As to the foregoing facts there was no issue or controversy. The gist of the complaint is, in substance, that at or about the time of said execution sale, the sheriff and Buhne, the purchaser, entered into a confederation and conspiracy, by which the sheriff willfully and in violation of his duty consented that Buhne should take the lumber and shingles out of the custody of the sheriff; that the same were taken by Buhne with the knowledge and consent of the sheriff; that after-wards, in December, 1892, an order for the resale of the property was issued and delivered to the sheriff, but that he, by his said collusion and confederation above mentioned, had placed it beyond his power to comply with and execute said order. The value of said property was alleged to be six thousand three hundred dollars, in which sum plaintiff claimed damages.

It will be observed that the motion to vacate the sale was not on the ground of fraud, but that the sale was *504irregular because the whole of the property was sold in one parcel and for an inadequate price, and that the confederacy charged in the complaint related to the possession of the property, and not to the sale itself.

The answer of the defendants denied all these allegations of fraud and conspiracy, or that Buhne obtained possession otherwise than by the delivery of the property to him as such purchaser at said sale. The answer also denied that an order of resale was issued or delivered to the sheriff, or that the property was of any greater value than seven hundred dollars, and defendants also pleaded’ the statutes of limitations prescribed in sections 338, 339, and 341 of the Code of Civil Procedure in bar of the action.

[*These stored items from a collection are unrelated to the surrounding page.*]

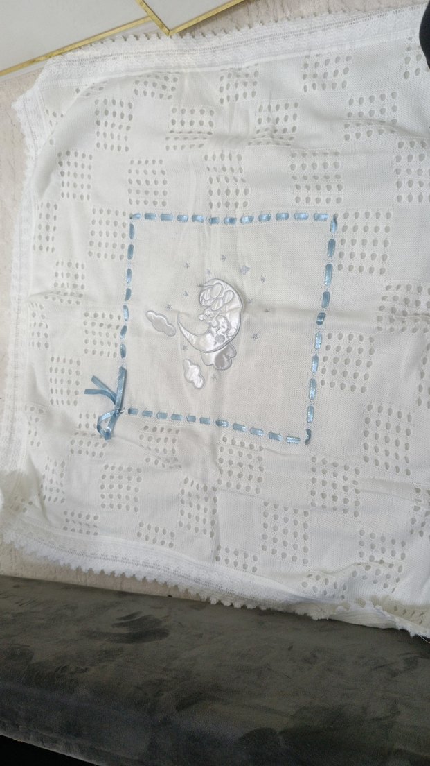 Beyaz renkte, nakışlı detaylara ve açık mavi kenarlığa sahip yumuşak dokulu çocuk battaniyesi. Küçük bir fiyonk detayı bulunur.
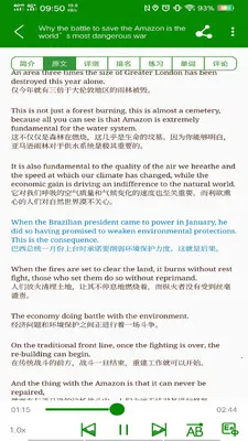 3、功能强大实用:集合了每日更新、自动跟读、屏幕取词等多个功能,还有语音调速、单句播放等特色功能。口语评测可定位发音错误和缺陷,每篇文章有配套习题检测掌握程度。
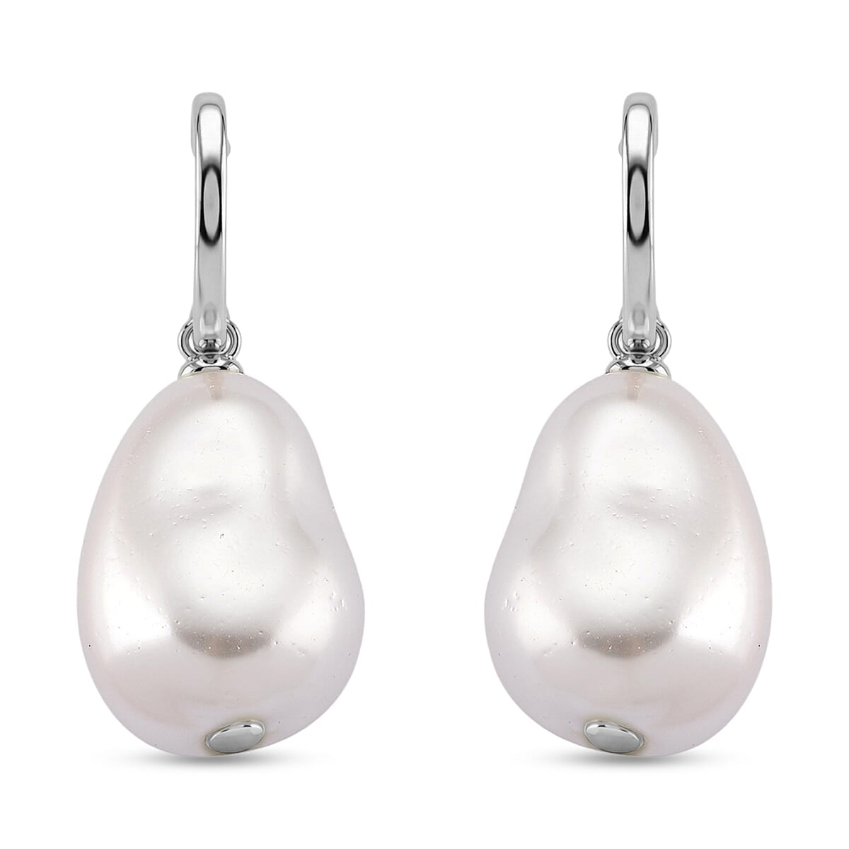 EverTrue White Shell Pearl Fancy Earrings in Silvertone and Stainless Steel

Counsel for appellant contends, however, that the allegation of fraud and collusion was not necessary to entitle the plaintiff to recover, and that therefore the denial created an issue upon an immaterial matter.

But if the complaint had not alleged that the sheriff parted with the possession of the property by a fraudulent collusion with Buhne, it would not have stated a cause of action. It was held upon the former appeal that the execution sale, though irregular, was not void; that the sale to Buhne was completed by the payment of the purchase money, and that the purchaser was thereupon entitled to the immediate possession of the property. If, therefore, the alleged fraudulent collusion is an immaterial averment, it follows that Buhne was rightfully in possession of the property and was under no legal obligation to surrender it to the sheriff, upon the sale being vacated by the court, without repayment of the money which he had paid for it, and there is no allegation that the money was repaid or offered to be repaid. The plaintiff, as assignee of the Consumers’ Lumber Company, stands as the corporation would have stood. The order setting aside the sale, and which was set out in the complaint, shows that the money realized from the execution sale had been paid upon preferred claims against the lumber company, and therefore *505it had received the benefit of the money paid for the property. It was not in the sheriff’s hands so that he could refund it to Buline, and neither the corporation nor its assignee could retain the proceeds of the sale and have any legal or moral right to require Buhne to surrender the property to the sheriff, nor could the sheriff retake the property without such payment. It is therefore clear that without the allegations of fraud and collusion no cause of action would have been stated; nor is it clear that with those allegations a cause of action is alleged, since the order of the court vacating the sale required the repayment of the money, and as that order ivas not complied with by the plaintiff, nor any offer made to comply with it, no duty rested upon the sheriff to retake the property. Either the issue was material or the complaint wholly bad, and in either case the judgment should be affirmed.

Belcher, C., and Chipman, C., concurred.

For the reasons given in the foregoing opinion the judgment is affirmed.

McFarland, J., Temple, J., Henshaw, J.